**TASK DETAILS:** Quote word for word from the line holding "Lakier przeznaczony do" to the last line below, including both, and omit any pictures.

#### DATA FOR REVIEW ####

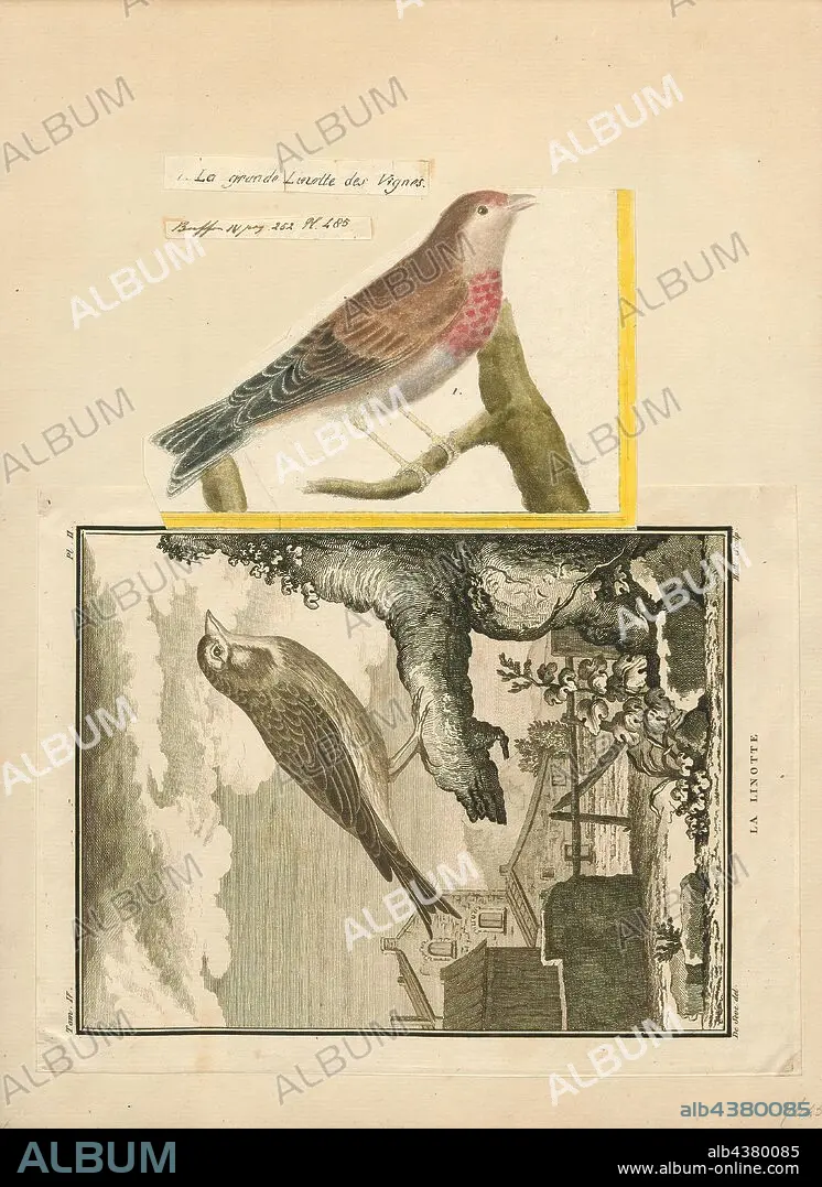 Caption: Linaria cannabina, Print, The common linnet (Linaria cannabina) is a small passerine bird of the finch family, Fringillidae. It derives its scientific name from its fondness for hemp and its English name from its liking for seeds of flax, from which linen is made., 1700-1880
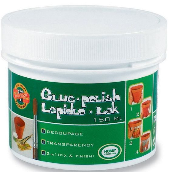Lakier przeznaczony do techniki serwetkowej (decoupage). Można go stosować do róznych powierzchni min. karton, drewno, ceramika, kamień, metal, styropian, glina i wiele innych. Wytwarzany jest na bazie wody. Po wyschnięciu pozostawia przeźroczystą i trwałą powłokę.Użycie:1. Pokryć warstwą lakieru do decoupage dekorowany przedmiot.2. Wycięty motyw należy umieścić na wilgotnym lakierze.3. Po naklejeniu dekoracji nałożyć kolejną warstwę lakieru.
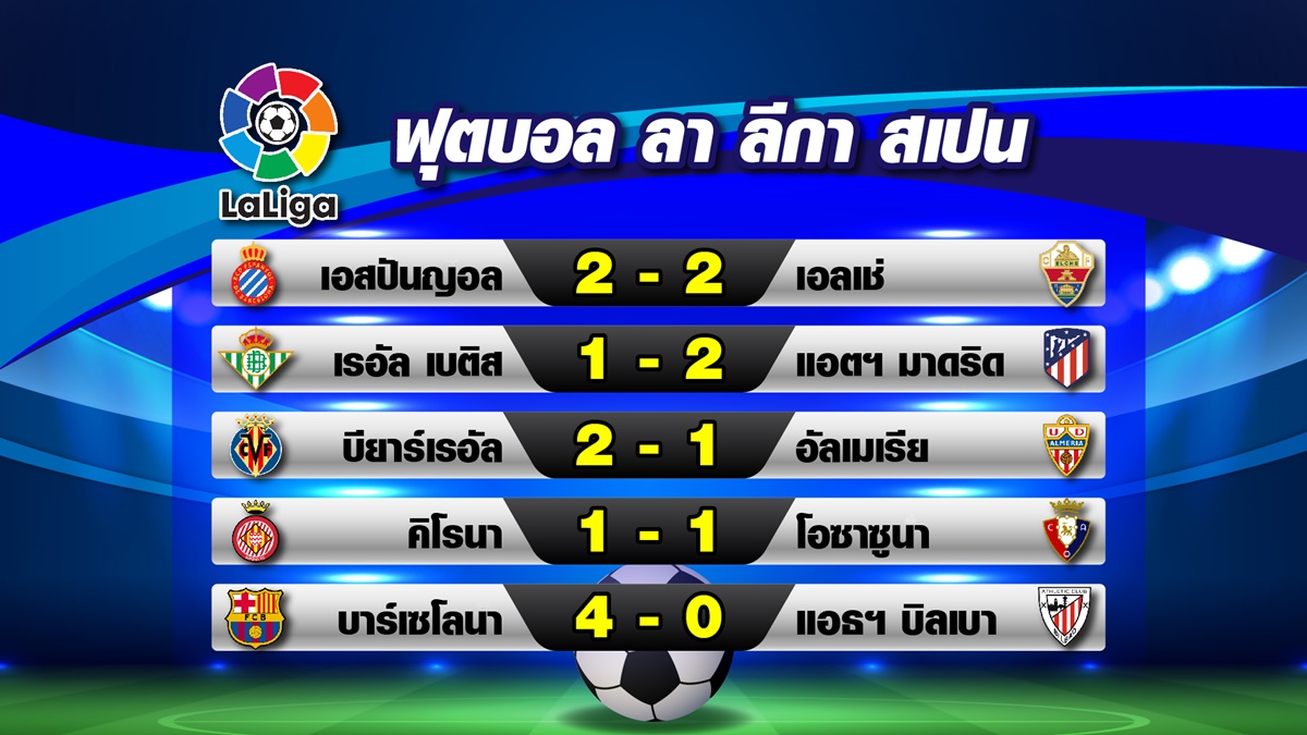 ผลฟุตบอลลา ลีกา สเปน คู่ที่น่าสนใจ เรอัล เบติส แพ้ แอตเลติโก มาดริด 1-2, บียาร์เรอัล ชนะ อัลเมเรีย 2-1, บาร์เซโลนา ชนะ แอธเลติก บิลเบา 4-0
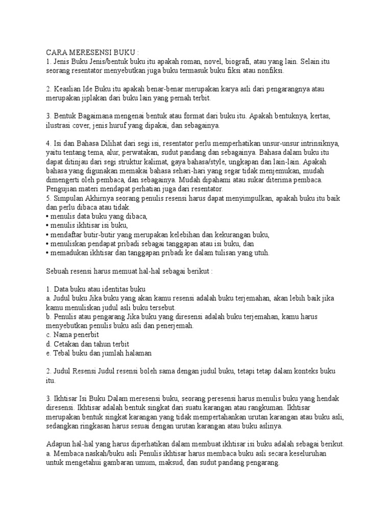 DOC) Cara Membuat Resensi Buku Yang Baik dan Benar | Nurhamsa Musa - Academia.edu
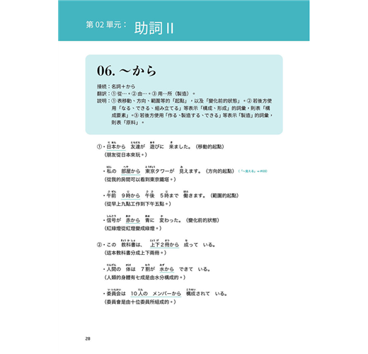 ②學習者最頭痛的助詞,做詳盡解說。了解「格助詞」與「副助詞」的區別,是打好日文基礎的重要關鍵之一。

####

**WRITTEN ANSWER:**
Lakier przeznaczony do techniki serwetkowej (decoupage). Można go stosować do róznych powierzchni min. karton, drewno, ceramika, kamień, metal, styropian, glina i wiele innych. Wytwarzany jest na bazie wody. Po wyschnięciu pozostawia przeźroczystą i trwałą powłokę.Użycie:1. Pokryć warstwą lakieru do decoupage dekorowany przedmiot.2. Wycięty motyw należy umieścić na wilgotnym lakierze.3. Po naklejeniu dekoracji nałożyć kolejną warstwę lakieru.
 ผลฟุตบอลลา ลีกา สเปน คู่ที่น่าสนใจ เรอัล เบติส แพ้ แอตเลติโก มาดริด 1-2, บียาร์เรอัล ชนะ อัลเมเรีย 2-1, บาร์เซโลนา ชนะ แอธเลติก บิลเบา 4-0
 DOC) Cara Membuat Resensi Buku Yang Baik dan Benar | Nurhamsa Musa - Academia.edu
 ②學習者最頭痛的助詞,做詳盡解說。了解「格助詞」與「副助詞」的區別,是打好日文基礎的重要關鍵之一。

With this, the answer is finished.